Camaro Z28
The Chevy Camaro Z28. Reuters

A 97-month-long car loan is set to become a reality due to low interest rates and increased competition among car manufacturers. Steadily rising car prices and lenders trying to attract new customers have led to the trend of longer loan periods.

The Wall Street Journal reported the new longer loan periods and provided an anecdotal account of a woman who took out a loan to buy a 2013 Toyota Camry. The woman, Nakisha Bishop, took out a $23,000 loan to pay for the new car and to pay off what she owed on her previous car. Bishop’s loan was for 75 months, just over six years, and she will pay $480 a month for the Camry. The WSJ reports that the monthly payment is just $5 more than what Bishop had been paying for her previous car.

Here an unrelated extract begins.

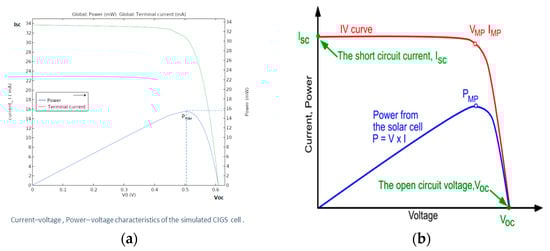 (a) Simulated current–voltage and power–voltage characteristics of the simulated CIGS cell; (b) typical I-V and P-V characteristics for a solar cell. The main output parameters are also indicated.

Longer loan terms mean banks can offer lower monthly payments, which can attract more borrowers. The price of a new car has increased over the last few years, with the average price around $31,000, up $3,000 from four years ago, the WSJ reported. As new cars become increasingly expensive, new customers may need to find new ways to afford a vehicle -- which could make a 75-month or even a 97-month loan enticing to some.

The average monthly payment for a loan has decreased due to lower interest rates and the increased popularity of longer loan terms among lenders. Experian Information Solutions Inc.'s report on Q4 2012 loan terms and lengths, released in March, notes the increased popularity of longer loans. According to Experian Automotive, average loan terms are at 65 months, an all-time high, and it noted drops in interest rates and monthly payments as well. Longer loan terms of 73 or 84 months are increasingly popular, marking an increase of 19.4 percent from Q4 2011. There were also some lengthier loans, as high as 97 months, reports the WSJ. Average monthly payments were at $460 in Q4 2012 compared with $468 in Q4 2011.

There are risks to longer loan terms. As noted by the WSJ, it will take borrowers a longer period of time to reach the point where their debt on the car is less than the value of the car. This could make it difficult to sell or trade the car as the owner will need to be able to continue making the monthly payments until the loan is paid off.

Longer term loans can also hurt car manufacturers because they keep customers away from buying new cars at dealerships for a longer period of time than usual.

Other factors, such as the average age of a vehicle (i.e., around 11 years), better credit availability and low default rates for automotive loans, have also led to the rise of longer loan terms for new vehicles.